Where Teams Struggle Most With ASPICE Compliance

Compliance gaps tend to cluster around traceability, change management, and process definition rather than the engineering work itself.

Why Traceability Breaks Down Across Distributed Teams

Traceability chains break across company boundaries when work products live in different tools and repositories. ACQ.4 (Supplier Management) and SPL.2 define process obligations at these interfaces, but teams must establish explicit agreements on how links are maintained across tool boundaries.

How Change at Scale Creates Traceability Debt

Every level of the V-model has an explicit traceability-based practice. When changes occur without consistent downstream impact analysis, traceability debt accumulates. SUP.10 requires change requests linked to artifacts to be analyzed before the change proceeds.

What It Takes to Demonstrate Consistency Between Process Levels

Reaching Level 3 requires evidence of a defined company-level process that is consistently tailored for individual projects. Teams that perform well on individual projects but can’t demonstrate a documented standard process, including tailoring records and cross-project performance data, will face findings during assessment.

How Jama Connect® Supports ASPICE 4.0

Teams preparing for ASPICE 4.0 assessments need a reliable way to keep links current across requirements, verification artifacts, change records, and downstream evidence. Jama Connect is a requirements and traceability platform with a built-in framework mapping to the ASPICE 4.0 Process Assessment Model, so automotive teams start from the structure assessors expect.

Live Traceability™ keeps upstream and downstream connections up to date across development artifacts and flags downstream items as suspect when an upstream requirement changes. That same workspace supports teams that need to satisfy both ASPICE and functional safety expectations, rather than reconciling evidence across disconnected tools.

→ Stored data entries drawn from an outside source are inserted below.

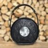 There is a small raven logo on the interior pocket. There is a loop on the interior, great for clipping airpods, keys or other small accessories. There is a snap closure to help secure the purse closed. All hardware is solid brass.
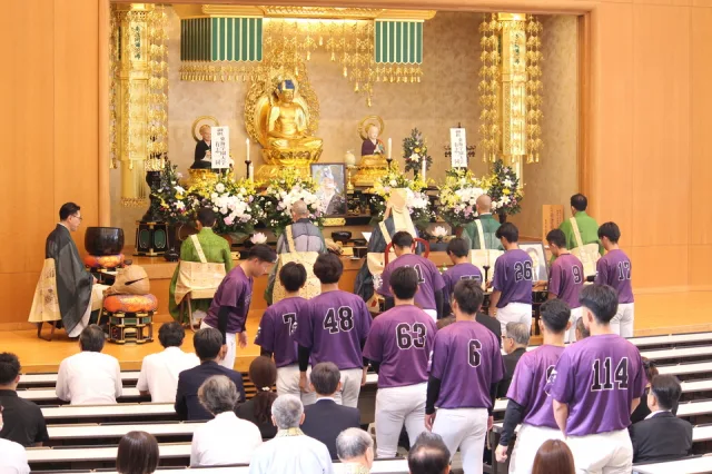 2025年6月25日(水)、三好キャンパス大講義室において、6月6日ご逝去されました経営学部 故・服部祐兒教授の慰霊法要を執り行いました。この日ご遺族をはじめ、多くの教職員並びに硬式野球部員や一般学生が参列しました。皆が共に先生を想い出し、感謝するための大切な時間となり、一人ひとりが心のこもったお焼香をし、ご冥福をお祈りいたしました。
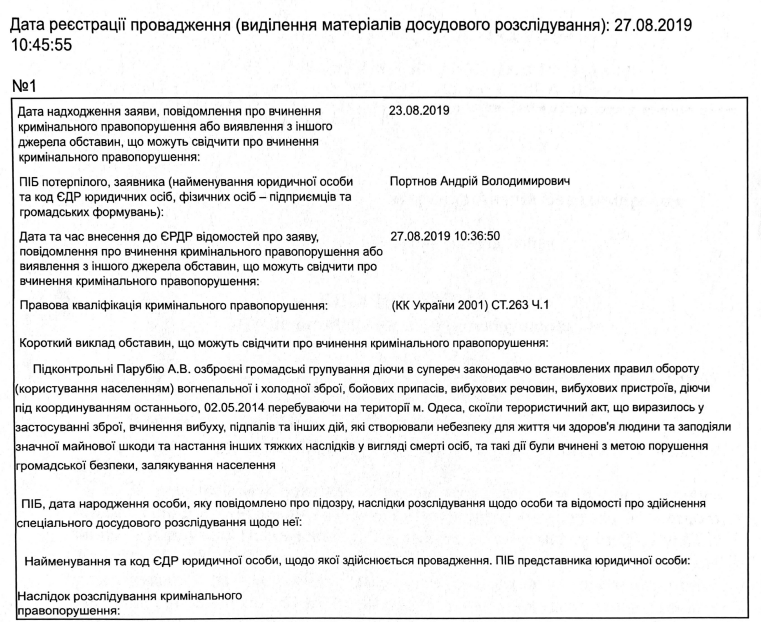 Также сообщается, что подконтрольные Парубию группировки действовали в нарушение законодательно установленных правил оборота оружия, боеприпасов и взрывчатых веществ. Их прямо обвинили в совершении теракта 2 мая 2014 года.

Getting Your Team Ready for ASPICE 4.0 Assessments

ASPICE 4.0 rewards teams that treat documented process intent and connected evidence as outputs of everyday work, not as a scramble that starts when an assessment is scheduled. As automotive systems expand beyond software into hardware and machine learning, that habit is what separates a clean assessment from weeks of remediation. If your team is still assembling that evidence by hand before each assessment, you can keep the picture connected as you work and start a free 30-day trial to see how it holds up.

Frequently Asked Questions About ASPICE 4.0

What is the difference between ASPICE and ISO 26262?

ASPICE evaluates whether development processes are capable and repeatable. ISO 26262 specifies what functional safety activities and artifacts a project must produce based on risk classification (ASIL A through D). Achieving ASPICE Level 2 doesn’t imply ISO 26262 compliance, and meeting ISO 26262 requirements doesn’t guarantee any particular ASPICE capability level.

Is ASPICE mandatory for automotive suppliers?

No law or regulation mandates ASPICE compliance. OEMs often impose ASPICE as a contractual requirement on Tier 1 and Tier 2 suppliers. Suppliers who can’t demonstrate the capability level specified in their OEM supply agreement risk disqualification from sourcing programs, which makes it necessary for most automotive supply chain positions.

What are the ASPICE capability levels?

There are six levels, rated per individual process, from Level 0 (Incomplete) through Level 5 (Innovating). Assessors rate each process independently using the NPLF scale across process attributes, and each level requires that all lower-level attributes be fully achieved before the target-level attributes are evaluated.

How does ASPICE 4.0 differ from version 3.1?

The scope expanded from software to broader system coverage, adding Hardware Engineering, Machine Learning Engineering, and Validation process groups. Roughly ten processes were removed and ten added, and the measurement framework and Level 3 guidance were reworked. Adoption of the 4.0 model is now underway across the industry.

This article was authored by Mario Maldari and published on June 26, 2026.